Wang Jianping (; born December 1953) is a former general of the People's Liberation Army (PLA) of China. He served as commander of the People's Armed Police and deputy chief of General Staff of the People's Liberation Army. He was dismissed in 2016 and placed under investigation for corruption. He was a member of the 18th Central Committee of the Chinese Communist Party.

Biography
Wang traces his ancestry to Zanhuang County, Hebei; he was born in Fushun, Liaoning province. He joined the military in 1969, and served on the artillery force of the 40th Group Army. In 1992 he became commander of the 120th Division of the 40th Group Army.  Thereafter he entered the mechanical division of the People's Armed Police (PAP). In 1996, he became head of the Tibet People's Armed Police contingent, then became deputy commander of the People's Armed Police in June 2009 and was named commander of People's Armed Police in June 2012. In December 2014 he was transferred back to the PLA to become deputy chief of joint staff. In January 2015 Wang became deputy head of a coordinating group on military training.

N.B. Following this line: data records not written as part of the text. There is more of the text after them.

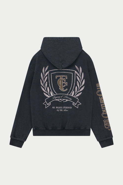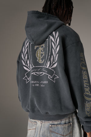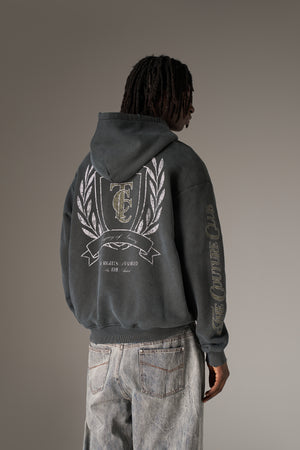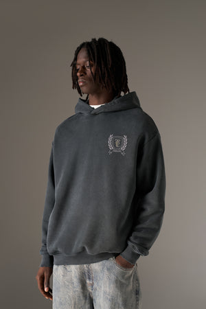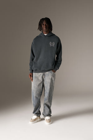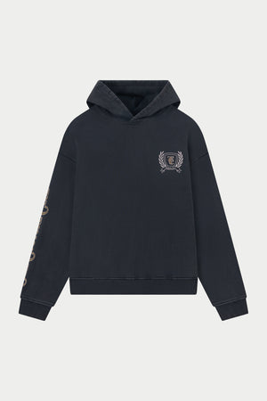WASHED LAUREL VARSITY GRAPHIC HOODIE - BLACK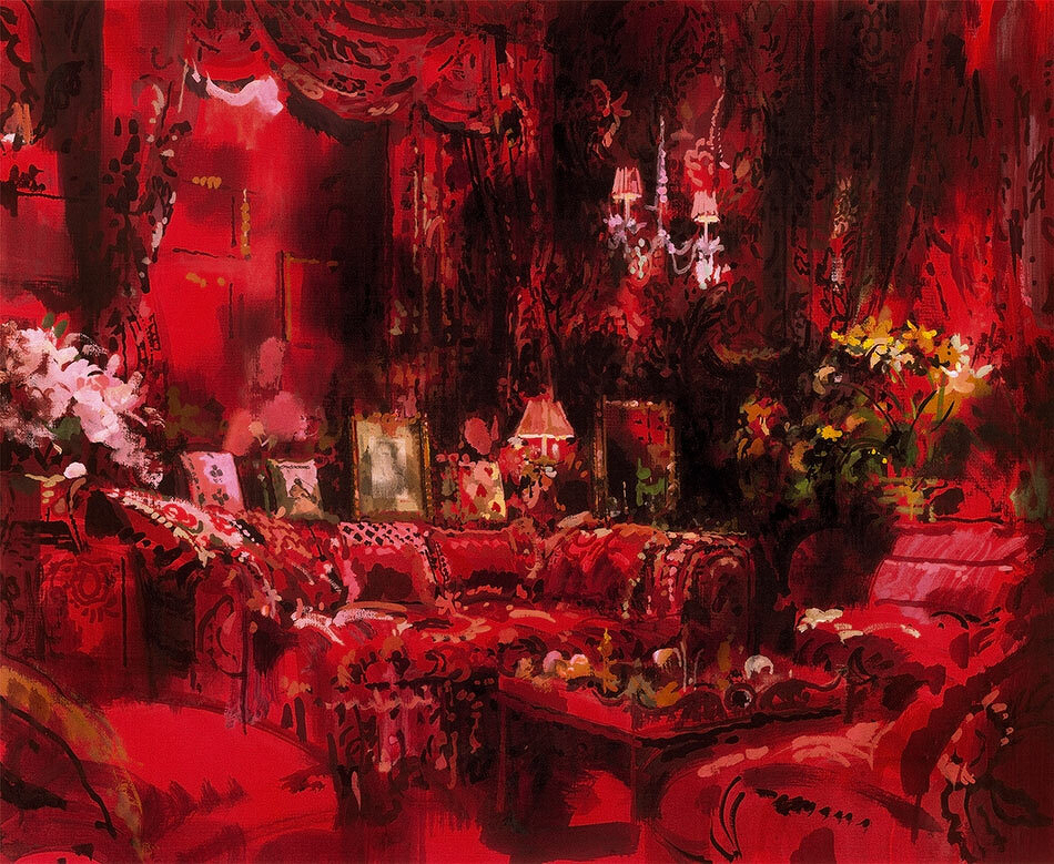 🎨 Been fascinated with Jeremiah Goodman’s gorgeous paintings, especially the “garden in hell"— which was the living room of former Vogue Editor-in-Chief, Diana Vreeland. Her eclectic home has inspired an abundance of beautiful derivative works. See attached photos for examples.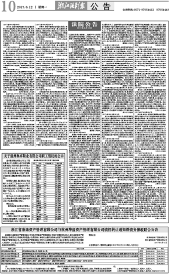 浙江省浙商资产管理有限公司与杭州坤盛资产管理有限公司债权转让通知暨债务催收联合公告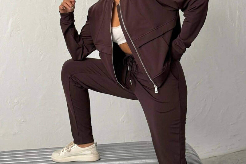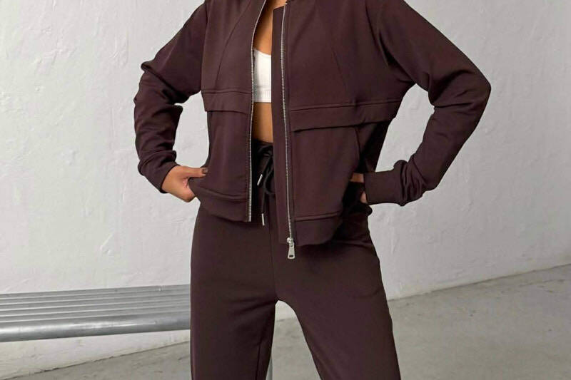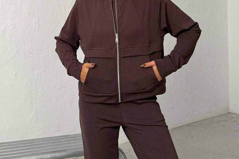 ZIPPER JACKET + SWEATPANTS WOMAN SET BROWN/KAFE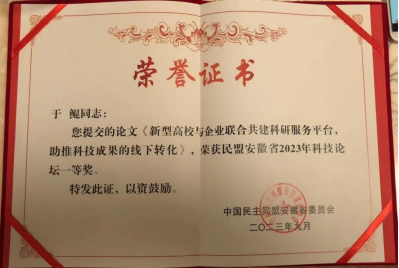 我校教师获民盟安徽省2023年科技论坛优秀论文一等奖
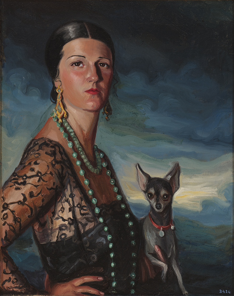 Herminia Rodríguez-Borrell Feijóo (1897-1971), natural de Camariñas, estivo casada co magnate armenio Nubar Gulbenkian (fillo do filántropo Calouste G.), do que se divorciou e pasou despois a vivir no pazo de Sigrás (Cambre, A Coruña) no que faleceu. Este retrato procede deste pazo do que era propietaria.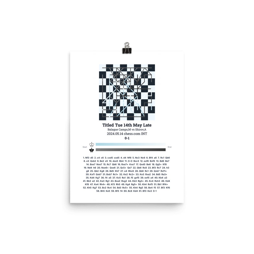 Museum-quality poster on thick, durable matte paper. A sharp, clean look for any chess visualisation.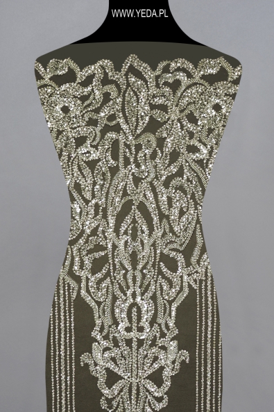 Wysokiej jakości koronka zdobiona wyróżniająca się niebanalnym wzorem oraz dekoracyjnymi detalami. Stworzona została z myślą o najbardziej wymagających kobietach, którym zależy na uzyskaniu wyjątkowej i efektownej stylizacji. Prezentowana koronka świetnie sprawdzi się jako baza ślubnej lub wieczorowej kreacji. Swój urok zawdzięcza znajdującym się na niej detalom. Odbijają one światło i rozświetlają materiał, a w konsekwencji przykuwają spojrzenia.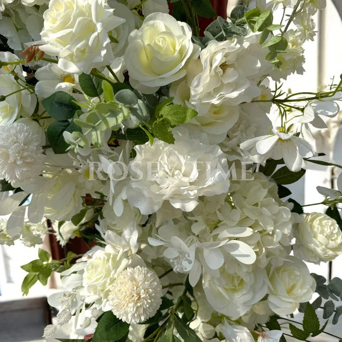 Two white flower pillars. Self-pickup is available since they break down to fit in a standard car and can be reassembled in under 10 minutes without tools.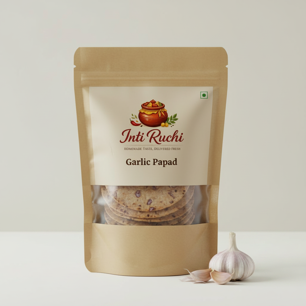 Spicy and flavorful Garlic Papad infused with rich garlic taste and traditional spices. Crispy, aromatic, and perfect as a side dish or snack for every meal.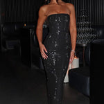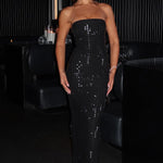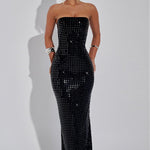 Apresentamos o único design que você vai querer usar para aquelas noites decadentes. Um estilo que se tornará um dos seus favoritos para ocasiões, Neriah é um modelo maxi feito com nosso luxuoso tecido de malha elástica que se ajusta em todos os lugares certos. Com um decote elegante sem alças e uma fenda nas costas para facilitar o uso, os detalhes de strass garantem brilho a noite toda.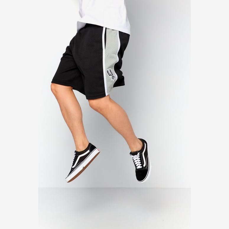 Show off your San Antonio Spurs fandom with these Hardwood Classics Swingman shorts from Mitchell & Ness! They feature a sweet, San Antonio Spurs-inspired design. Material: 100% Polyester Applique graphics Elastic waistband with drawstring Mesh material Two side pockets Machine wash, line dry Officially licensed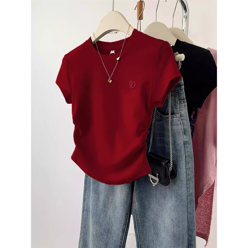 Kaus lengan pendek pelajar wanita, Atasan kemeja Dalaman ukuran besar putih murni Semua cocok musim panas ins populer Net merah 2023

After comprehensive reforms to the People's Liberation Army in 2015, Wang was named Deputy Chief of the Joint Staff Department. In August 2016, the South China Morning Post reported that Wang had been arrested to face charges in connection to the Zhou Yongkang case. Wang was not present at the Sixth Plenum of the 18th Central Committee held in October 2016, further confirming rumours that he was in trouble. On 29 December 2016, the Defense Ministry of China confirmed that he had been placed under investigation for bribery.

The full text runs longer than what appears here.